Print, exactly as they stand, the lines below from the one that has "このluxシフォンの魅力的な" to the one that has "O salto médio", inclusive, leaving out the pictures.

§ **SUPPLIED MATERIAL**:
*****

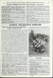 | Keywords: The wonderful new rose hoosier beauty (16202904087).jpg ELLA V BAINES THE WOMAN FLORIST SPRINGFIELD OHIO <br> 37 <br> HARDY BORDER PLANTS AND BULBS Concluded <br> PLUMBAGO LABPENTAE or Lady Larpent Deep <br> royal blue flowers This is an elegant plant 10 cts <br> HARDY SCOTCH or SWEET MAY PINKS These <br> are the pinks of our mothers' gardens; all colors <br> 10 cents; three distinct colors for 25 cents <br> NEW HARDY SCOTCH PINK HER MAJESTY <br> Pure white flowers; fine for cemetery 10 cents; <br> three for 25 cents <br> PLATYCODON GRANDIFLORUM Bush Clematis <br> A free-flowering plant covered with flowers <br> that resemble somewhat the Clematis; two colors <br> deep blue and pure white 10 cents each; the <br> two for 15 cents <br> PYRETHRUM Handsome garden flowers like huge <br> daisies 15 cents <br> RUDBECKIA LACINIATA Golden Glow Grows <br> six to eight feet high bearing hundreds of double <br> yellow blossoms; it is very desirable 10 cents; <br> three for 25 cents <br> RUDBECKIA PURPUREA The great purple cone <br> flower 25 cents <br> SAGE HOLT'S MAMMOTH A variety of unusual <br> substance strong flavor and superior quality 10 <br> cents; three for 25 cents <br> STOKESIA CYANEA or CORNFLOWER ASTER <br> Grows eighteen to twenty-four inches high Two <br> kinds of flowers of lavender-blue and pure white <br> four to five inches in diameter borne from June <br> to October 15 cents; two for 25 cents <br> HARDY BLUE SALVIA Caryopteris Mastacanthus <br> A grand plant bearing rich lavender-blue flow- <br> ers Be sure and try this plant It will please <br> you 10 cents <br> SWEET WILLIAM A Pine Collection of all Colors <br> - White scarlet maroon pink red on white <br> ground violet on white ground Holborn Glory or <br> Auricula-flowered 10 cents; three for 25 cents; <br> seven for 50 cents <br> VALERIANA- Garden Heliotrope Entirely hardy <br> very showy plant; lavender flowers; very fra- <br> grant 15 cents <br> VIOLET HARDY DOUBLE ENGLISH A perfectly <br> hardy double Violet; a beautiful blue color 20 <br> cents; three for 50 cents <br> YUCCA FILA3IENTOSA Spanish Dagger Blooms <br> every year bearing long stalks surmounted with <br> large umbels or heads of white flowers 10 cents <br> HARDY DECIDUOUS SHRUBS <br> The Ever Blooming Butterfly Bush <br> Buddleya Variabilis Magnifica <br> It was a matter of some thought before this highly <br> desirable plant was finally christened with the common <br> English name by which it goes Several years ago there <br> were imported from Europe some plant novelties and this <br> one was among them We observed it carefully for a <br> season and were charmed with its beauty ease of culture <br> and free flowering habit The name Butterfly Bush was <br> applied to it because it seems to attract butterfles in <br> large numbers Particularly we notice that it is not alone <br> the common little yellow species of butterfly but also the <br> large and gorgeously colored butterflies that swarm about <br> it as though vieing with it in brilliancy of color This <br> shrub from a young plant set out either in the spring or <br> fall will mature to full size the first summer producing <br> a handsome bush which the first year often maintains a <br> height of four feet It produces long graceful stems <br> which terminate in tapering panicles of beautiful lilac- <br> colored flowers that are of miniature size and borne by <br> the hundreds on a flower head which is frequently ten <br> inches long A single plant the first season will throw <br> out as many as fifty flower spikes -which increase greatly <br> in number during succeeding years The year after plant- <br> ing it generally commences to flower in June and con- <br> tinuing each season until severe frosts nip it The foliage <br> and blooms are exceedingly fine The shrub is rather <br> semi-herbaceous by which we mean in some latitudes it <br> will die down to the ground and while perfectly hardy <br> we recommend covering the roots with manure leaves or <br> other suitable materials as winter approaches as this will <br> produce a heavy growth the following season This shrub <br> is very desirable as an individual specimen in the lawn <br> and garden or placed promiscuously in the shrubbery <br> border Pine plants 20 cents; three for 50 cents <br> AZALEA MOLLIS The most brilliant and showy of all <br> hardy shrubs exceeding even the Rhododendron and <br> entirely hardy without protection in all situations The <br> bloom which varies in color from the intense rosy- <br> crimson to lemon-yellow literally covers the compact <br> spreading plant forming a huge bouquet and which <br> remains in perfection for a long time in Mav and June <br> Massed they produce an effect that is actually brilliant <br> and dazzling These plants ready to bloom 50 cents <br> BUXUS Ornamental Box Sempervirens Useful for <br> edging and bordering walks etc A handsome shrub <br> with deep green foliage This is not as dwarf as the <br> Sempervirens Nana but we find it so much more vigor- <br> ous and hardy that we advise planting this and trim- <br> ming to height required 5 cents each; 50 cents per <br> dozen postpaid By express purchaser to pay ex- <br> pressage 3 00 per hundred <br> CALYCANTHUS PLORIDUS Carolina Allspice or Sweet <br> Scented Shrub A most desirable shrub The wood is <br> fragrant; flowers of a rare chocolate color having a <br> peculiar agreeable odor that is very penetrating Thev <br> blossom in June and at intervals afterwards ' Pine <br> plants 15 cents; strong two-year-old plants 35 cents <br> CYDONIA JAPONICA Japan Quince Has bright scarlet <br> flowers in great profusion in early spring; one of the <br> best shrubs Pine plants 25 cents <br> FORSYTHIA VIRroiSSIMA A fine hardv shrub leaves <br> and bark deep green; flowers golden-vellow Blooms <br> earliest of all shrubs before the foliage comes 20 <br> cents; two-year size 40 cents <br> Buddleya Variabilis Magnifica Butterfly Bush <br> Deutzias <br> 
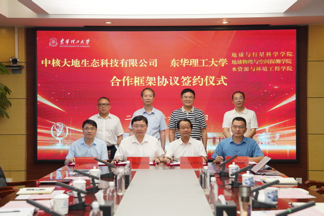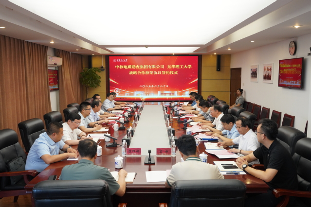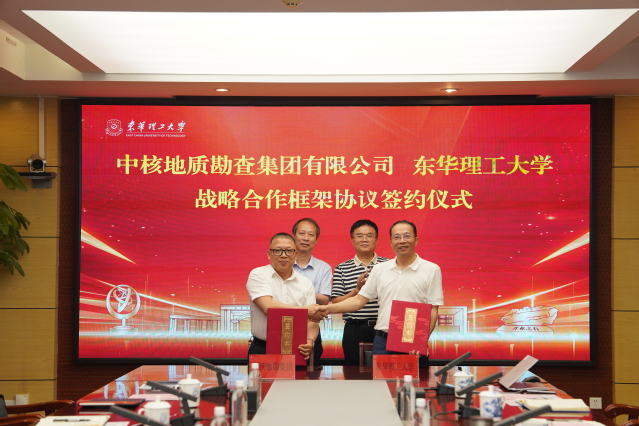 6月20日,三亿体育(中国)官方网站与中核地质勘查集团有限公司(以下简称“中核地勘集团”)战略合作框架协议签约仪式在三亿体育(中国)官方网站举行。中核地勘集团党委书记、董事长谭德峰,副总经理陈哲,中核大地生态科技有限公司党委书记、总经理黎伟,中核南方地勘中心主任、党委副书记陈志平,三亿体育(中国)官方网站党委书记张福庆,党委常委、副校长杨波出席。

*****

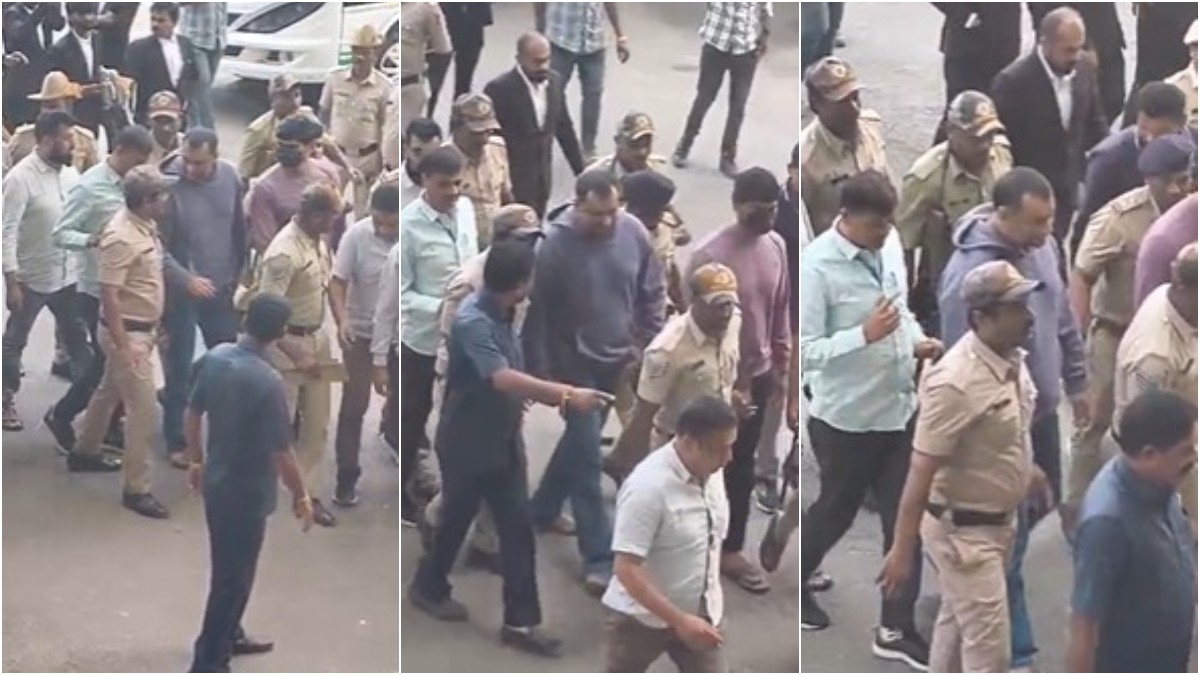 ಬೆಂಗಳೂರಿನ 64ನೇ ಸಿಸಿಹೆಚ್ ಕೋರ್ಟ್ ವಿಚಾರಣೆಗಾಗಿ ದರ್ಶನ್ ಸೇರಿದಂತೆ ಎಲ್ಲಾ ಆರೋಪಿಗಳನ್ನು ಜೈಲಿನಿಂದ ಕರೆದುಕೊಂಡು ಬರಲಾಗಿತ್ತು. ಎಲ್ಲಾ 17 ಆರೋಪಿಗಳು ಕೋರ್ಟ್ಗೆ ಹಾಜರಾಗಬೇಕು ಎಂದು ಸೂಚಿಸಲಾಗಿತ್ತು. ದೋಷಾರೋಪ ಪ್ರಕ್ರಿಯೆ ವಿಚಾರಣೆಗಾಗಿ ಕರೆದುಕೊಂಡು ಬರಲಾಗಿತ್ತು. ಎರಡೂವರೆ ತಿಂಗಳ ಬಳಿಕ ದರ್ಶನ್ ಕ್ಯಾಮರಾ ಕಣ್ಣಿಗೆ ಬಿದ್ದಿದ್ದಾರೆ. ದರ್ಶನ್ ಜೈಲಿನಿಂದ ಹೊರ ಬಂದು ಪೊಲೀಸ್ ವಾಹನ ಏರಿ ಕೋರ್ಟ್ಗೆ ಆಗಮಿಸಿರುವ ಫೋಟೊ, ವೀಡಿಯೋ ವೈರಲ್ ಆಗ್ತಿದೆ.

*****

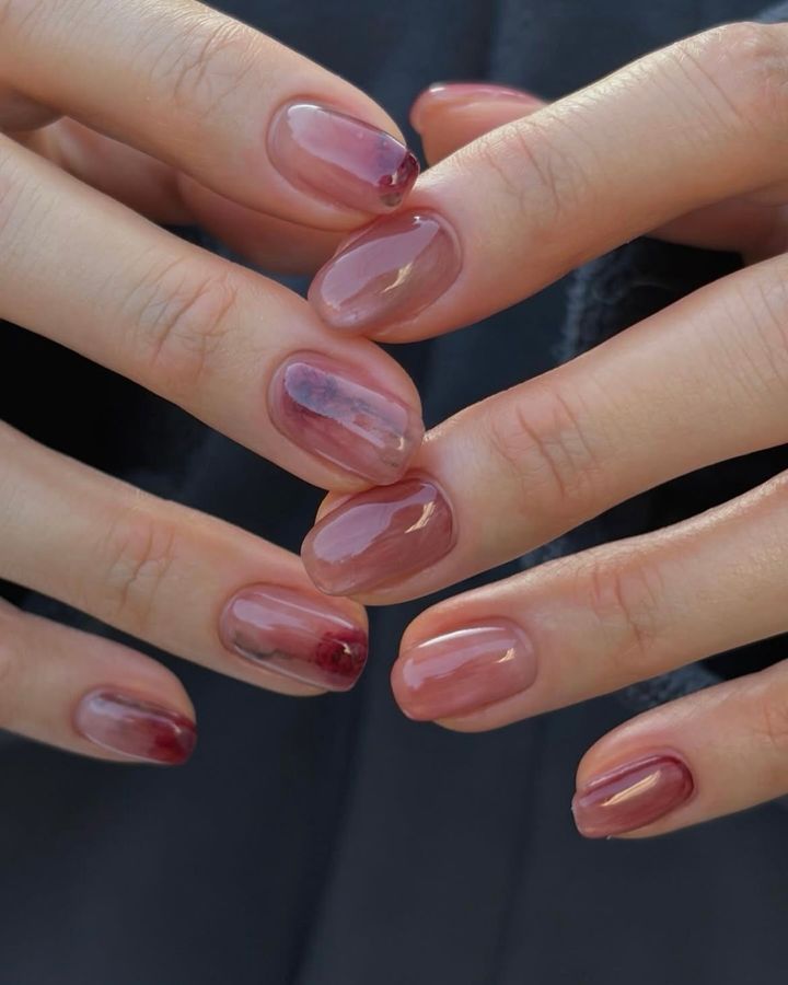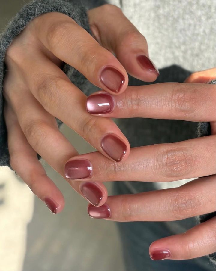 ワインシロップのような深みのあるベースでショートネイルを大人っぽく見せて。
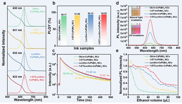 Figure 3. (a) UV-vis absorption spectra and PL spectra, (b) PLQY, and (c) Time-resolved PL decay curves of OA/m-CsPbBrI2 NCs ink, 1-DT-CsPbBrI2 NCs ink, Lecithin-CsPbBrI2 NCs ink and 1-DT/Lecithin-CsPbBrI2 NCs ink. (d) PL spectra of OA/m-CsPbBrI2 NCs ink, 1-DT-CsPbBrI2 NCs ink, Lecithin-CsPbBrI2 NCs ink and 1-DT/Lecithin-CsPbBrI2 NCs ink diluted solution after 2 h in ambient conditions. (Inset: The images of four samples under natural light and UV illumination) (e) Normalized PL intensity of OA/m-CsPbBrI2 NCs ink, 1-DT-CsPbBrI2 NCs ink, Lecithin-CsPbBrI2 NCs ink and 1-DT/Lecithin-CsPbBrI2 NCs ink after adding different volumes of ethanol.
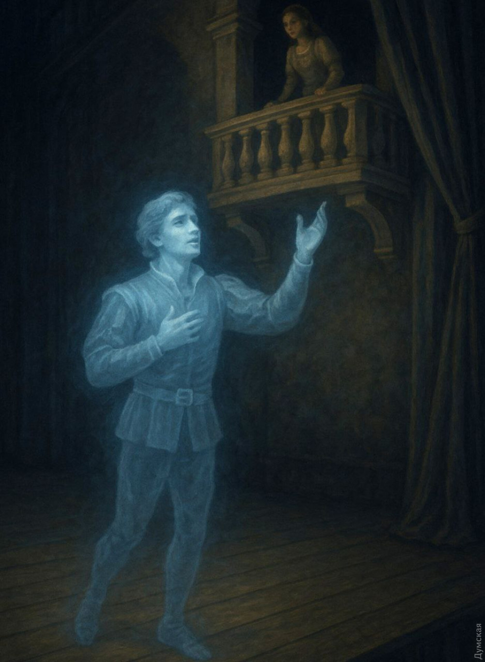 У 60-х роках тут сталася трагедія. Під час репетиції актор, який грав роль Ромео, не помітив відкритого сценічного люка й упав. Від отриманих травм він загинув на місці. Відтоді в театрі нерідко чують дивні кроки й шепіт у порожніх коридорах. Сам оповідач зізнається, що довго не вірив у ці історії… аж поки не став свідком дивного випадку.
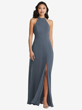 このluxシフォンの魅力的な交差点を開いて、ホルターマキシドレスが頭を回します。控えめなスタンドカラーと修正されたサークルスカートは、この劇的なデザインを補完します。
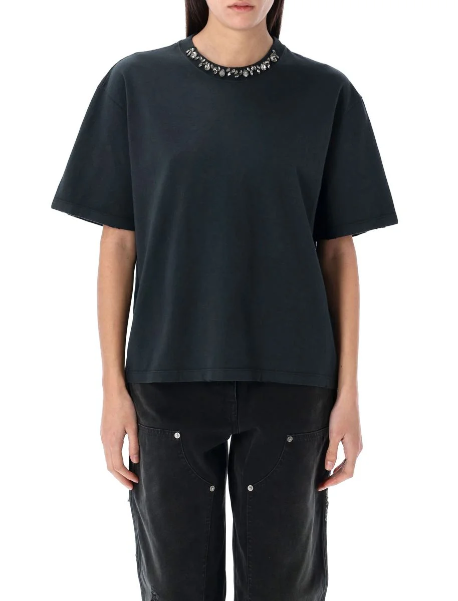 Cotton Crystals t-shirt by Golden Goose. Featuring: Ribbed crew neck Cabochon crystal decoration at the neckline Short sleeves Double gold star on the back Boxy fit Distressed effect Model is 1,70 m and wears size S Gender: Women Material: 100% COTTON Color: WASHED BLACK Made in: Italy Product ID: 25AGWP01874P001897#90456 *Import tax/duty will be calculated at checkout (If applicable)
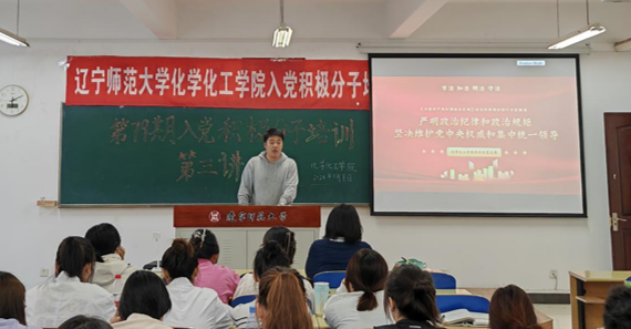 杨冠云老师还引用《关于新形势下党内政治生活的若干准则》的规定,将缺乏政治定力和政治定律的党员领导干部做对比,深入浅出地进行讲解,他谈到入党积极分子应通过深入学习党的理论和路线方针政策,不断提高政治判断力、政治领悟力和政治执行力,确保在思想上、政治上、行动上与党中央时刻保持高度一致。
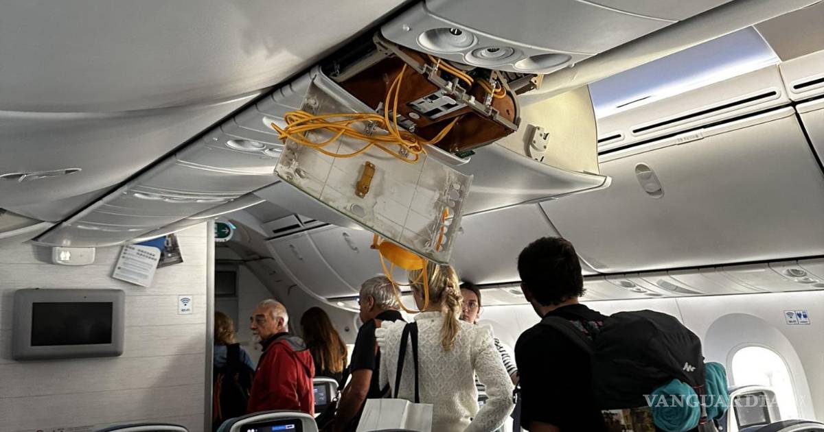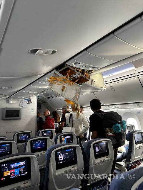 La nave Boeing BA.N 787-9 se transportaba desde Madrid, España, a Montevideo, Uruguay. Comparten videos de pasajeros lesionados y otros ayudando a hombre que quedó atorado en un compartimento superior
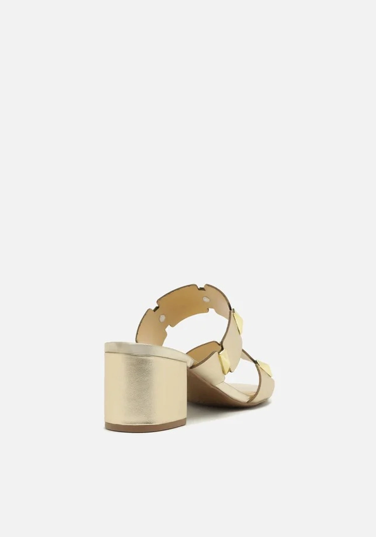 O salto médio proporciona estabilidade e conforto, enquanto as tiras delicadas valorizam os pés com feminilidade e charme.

*****

§ **ANSWER BELOW**:
 このluxシフォンの魅力的な交差点を開いて、ホルターマキシドレスが頭を回します。控えめなスタンドカラーと修正されたサークルスカートは、この劇的なデザインを補完します。
 Cotton Crystals t-shirt by Golden Goose. Featuring: Ribbed crew neck Cabochon crystal decoration at the neckline Short sleeves Double gold star on the back Boxy fit Distressed effect Model is 1,70 m and wears size S Gender: Women Material: 100% COTTON Color: WASHED BLACK Made in: Italy Product ID: 25AGWP01874P001897#90456 *Import tax/duty will be calculated at checkout (If applicable)
 杨冠云老师还引用《关于新形势下党内政治生活的若干准则》的规定,将缺乏政治定力和政治定律的党员领导干部做对比,深入浅出地进行讲解,他谈到入党积极分子应通过深入学习党的理论和路线方针政策,不断提高政治判断力、政治领悟力和政治执行力,确保在思想上、政治上、行动上与党中央时刻保持高度一致。
 La nave Boeing BA.N 787-9 se transportaba desde Madrid, España, a Montevideo, Uruguay. Comparten videos de pasajeros lesionados y otros ayudando a hombre que quedó atorado en un compartimento superior
 O salto médio proporciona estabilidade e conforto, enquanto as tiras delicadas valorizam os pés com feminilidade e charme.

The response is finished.